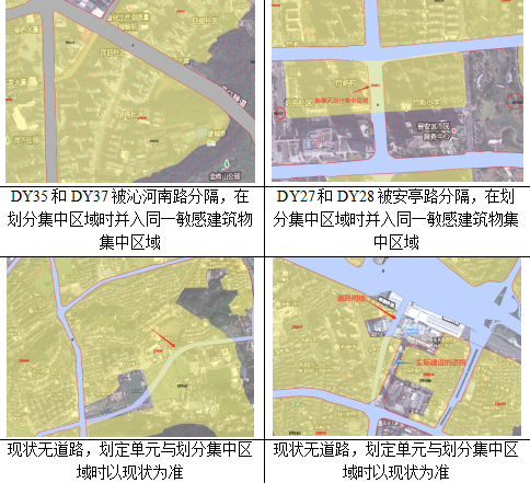 在晋安区行政区域内,存在两个紧密分布的小区被交通干线分隔成小面积(<0.1km2)区域,将该类交通干线划入集中区域内,此类情况主要出现在DY27、DY28、DY035、DY037。
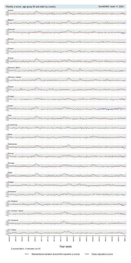 Unfortunately counting deaths is also tricky because of variation in what is included. Sick people die all the time, and some of these also get COVID, but would have died anyway. So COVID didn’t kill them, but they died and were infected at time of death, so probably would be counted in the values we see. Optimally, one would have something like a measure of marginal effect due to epidemic, i.e. additional deaths or hospitalizations in the duration of the epidemic that cannot be explained by normal variation in the last X years. Is there such data? Yeah, EuroMOMO produces these. Let’s look at the data for week 11 of 2020 (March 9 to March 15):
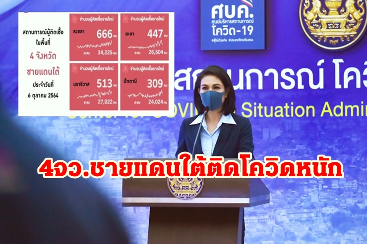 ศบค. รายงาน ไทยติดโควิดอันดับที่ 28 ของโลก พบผู้ติดเชื้อรายใหม่ 9,866 ราย เสียชีวิต 102 ราย เผย 4 จังหวัดชายแดนใต้สถานการณ์การแพร่ระบาด ยังหนัก สงขลาไต่ขึ้นอันดับ 2 ยอด 666 รายลุ้น อีก 2 สัปดาห์คลายล็อกเพิ่ม
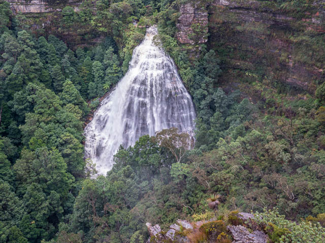 This lookout at Leura has recently been upgraded. It provides a very good view of Bridal Veil Falls, the upper waterfall of Leura Falls. The falls were flowing nicely.
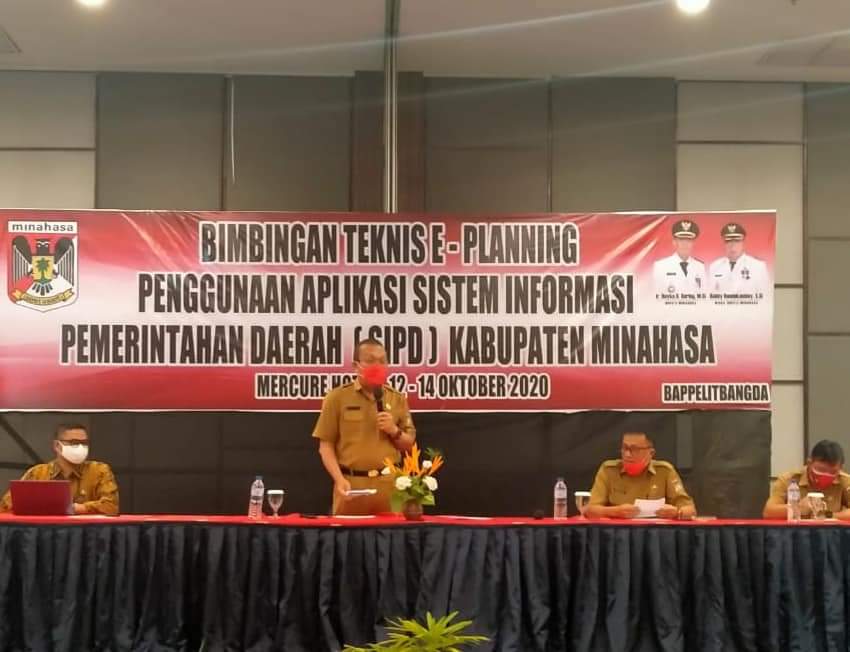 Minahasa – Pemerintah Kabupaten (Pemkab) Minahasa melalui Badan Perencanaan Pembangunan, Penelitian dan Pengembangan Daerah (Bappelitbangda) Kabupaten Minahasa, menggelar bimbingan teknis (Bimtek) E-Planning penggunaan Aplikasi Sistem Informasi Pemerintahan Daerah (SIPD), Senin (12/010) pagi, bertempat di Hotel Mercure, Desa Tateli Kecamatan Mandolang.
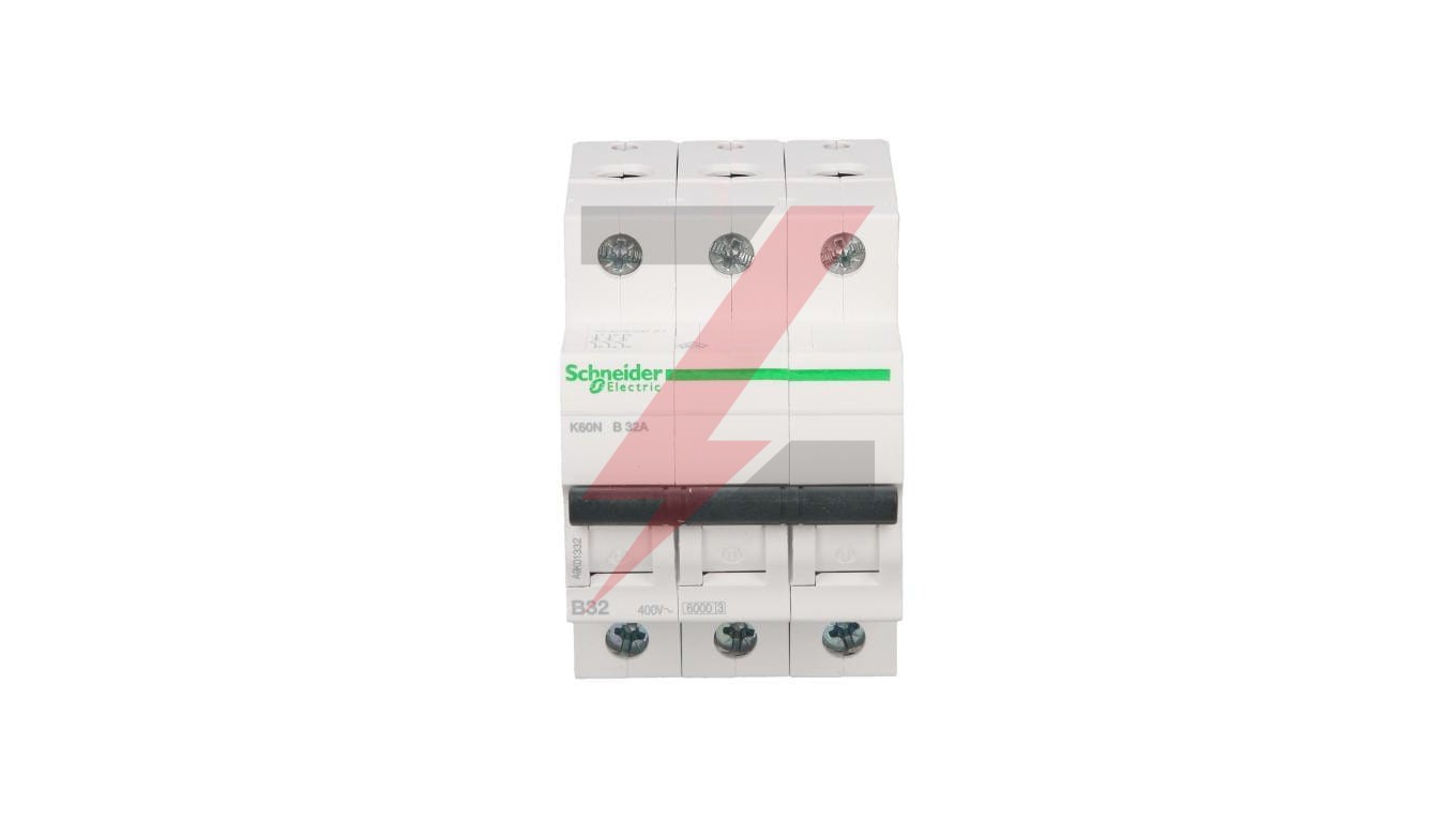Wyłącznik nadprądowy serii K60N, o numerze A9K01332, K60N-B32-3, 3-biegunowy (trójbiegunowy), 32A, charakterystyka B, wytrzymałość zwarciowa 6kA, zape wnia ochronę przed zwarciami i przeciążeniami. enterWyłącznik nadprądowy dopasowany do potrzeb budownictwa mieszkaniowego i podobnego. Podwójne zaciski od dołu (szyn a + przewód). Karbowane zaciski zwiększające pewność podłączenia. Styk migowy - szybkość zamykania styków nie zależy od szybkości manewrowania dźwignią aparatu.

= = = = =

PROBLEM STATEMENT |
Restate word for word the lines from the one containing "Minahasa – Pemerintah" through the end of the material above, both included, and nothing besides; drop the pictures.

TASK RESULT |
 Minahasa – Pemerintah Kabupaten (Pemkab) Minahasa melalui Badan Perencanaan Pembangunan, Penelitian dan Pengembangan Daerah (Bappelitbangda) Kabupaten Minahasa, menggelar bimbingan teknis (Bimtek) E-Planning penggunaan Aplikasi Sistem Informasi Pemerintahan Daerah (SIPD), Senin (12/010) pagi, bertempat di Hotel Mercure, Desa Tateli Kecamatan Mandolang.
Wyłącznik nadprądowy serii K60N, o numerze A9K01332, K60N-B32-3, 3-biegunowy (trójbiegunowy), 32A, charakterystyka B, wytrzymałość zwarciowa 6kA, zape wnia ochronę przed zwarciami i przeciążeniami. enterWyłącznik nadprądowy dopasowany do potrzeb budownictwa mieszkaniowego i podobnego. Podwójne zaciski od dołu (szyn a + przewód). Karbowane zaciski zwiększające pewność podłączenia. Styk migowy - szybkość zamykania styków nie zależy od szybkości manewrowania dźwignią aparatu.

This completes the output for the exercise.